── Data ──

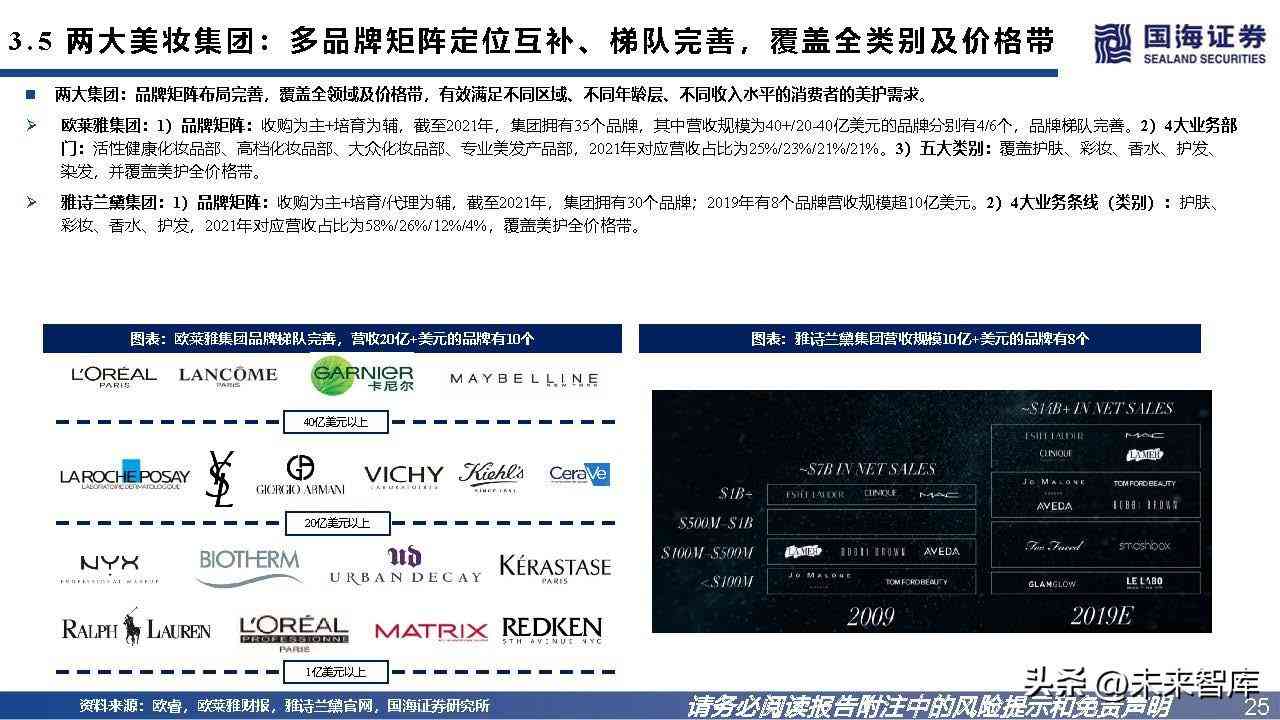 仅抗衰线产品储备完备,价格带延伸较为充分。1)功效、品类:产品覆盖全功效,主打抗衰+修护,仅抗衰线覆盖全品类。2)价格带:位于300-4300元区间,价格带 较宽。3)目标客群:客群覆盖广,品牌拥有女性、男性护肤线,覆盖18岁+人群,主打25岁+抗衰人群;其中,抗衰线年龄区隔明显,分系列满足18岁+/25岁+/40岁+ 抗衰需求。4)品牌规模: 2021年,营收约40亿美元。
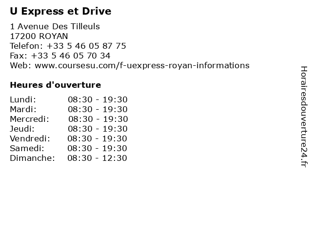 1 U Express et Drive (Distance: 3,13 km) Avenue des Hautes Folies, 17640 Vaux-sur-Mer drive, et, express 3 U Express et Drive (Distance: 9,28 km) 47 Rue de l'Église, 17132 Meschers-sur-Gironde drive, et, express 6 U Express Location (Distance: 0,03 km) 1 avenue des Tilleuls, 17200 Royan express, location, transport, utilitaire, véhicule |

───
── Data ──

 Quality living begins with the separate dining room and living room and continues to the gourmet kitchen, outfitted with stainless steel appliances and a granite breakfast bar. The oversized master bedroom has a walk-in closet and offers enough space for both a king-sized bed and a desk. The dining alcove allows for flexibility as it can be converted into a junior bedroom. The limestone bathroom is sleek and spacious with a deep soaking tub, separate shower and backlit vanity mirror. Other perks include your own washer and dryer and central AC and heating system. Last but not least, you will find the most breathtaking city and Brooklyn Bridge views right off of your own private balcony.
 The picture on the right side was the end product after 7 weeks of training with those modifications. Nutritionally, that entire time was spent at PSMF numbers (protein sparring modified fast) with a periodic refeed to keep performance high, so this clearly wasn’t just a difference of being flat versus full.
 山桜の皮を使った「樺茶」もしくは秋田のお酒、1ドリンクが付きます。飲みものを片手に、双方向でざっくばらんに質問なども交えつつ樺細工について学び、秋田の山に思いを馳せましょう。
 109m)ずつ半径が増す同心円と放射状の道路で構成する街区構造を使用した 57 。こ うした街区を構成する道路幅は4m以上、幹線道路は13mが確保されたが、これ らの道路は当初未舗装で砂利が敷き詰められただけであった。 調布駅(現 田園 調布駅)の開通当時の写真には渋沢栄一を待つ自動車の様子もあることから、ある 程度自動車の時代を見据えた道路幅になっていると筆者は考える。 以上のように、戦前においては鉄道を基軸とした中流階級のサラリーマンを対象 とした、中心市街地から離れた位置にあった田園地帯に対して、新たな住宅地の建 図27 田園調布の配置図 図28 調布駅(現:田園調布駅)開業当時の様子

───
── Data ──

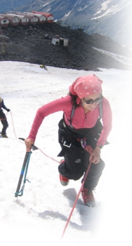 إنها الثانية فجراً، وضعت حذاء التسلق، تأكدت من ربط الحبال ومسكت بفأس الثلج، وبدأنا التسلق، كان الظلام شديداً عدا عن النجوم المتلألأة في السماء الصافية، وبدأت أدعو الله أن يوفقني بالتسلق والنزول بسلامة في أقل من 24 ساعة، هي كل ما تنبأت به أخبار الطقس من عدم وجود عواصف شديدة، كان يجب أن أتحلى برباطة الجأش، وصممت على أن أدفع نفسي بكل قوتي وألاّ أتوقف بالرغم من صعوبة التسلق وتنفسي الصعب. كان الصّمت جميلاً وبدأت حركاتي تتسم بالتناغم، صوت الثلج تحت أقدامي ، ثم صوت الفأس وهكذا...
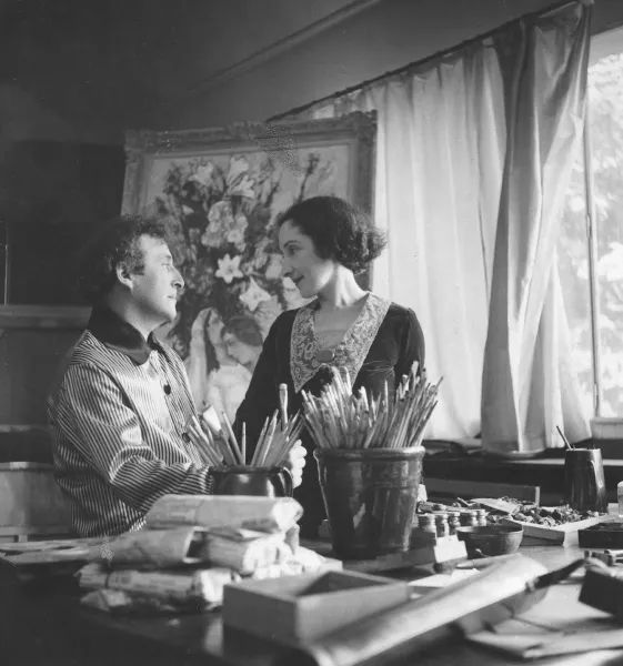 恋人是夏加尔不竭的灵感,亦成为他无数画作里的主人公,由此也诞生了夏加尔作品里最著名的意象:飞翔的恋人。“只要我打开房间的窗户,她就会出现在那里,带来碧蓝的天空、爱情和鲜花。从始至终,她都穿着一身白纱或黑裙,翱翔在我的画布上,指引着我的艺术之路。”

───

▸ **Work required**: Reply with the number of lines in the data that include the string "right" and nothing else.

▸ **Response**: 2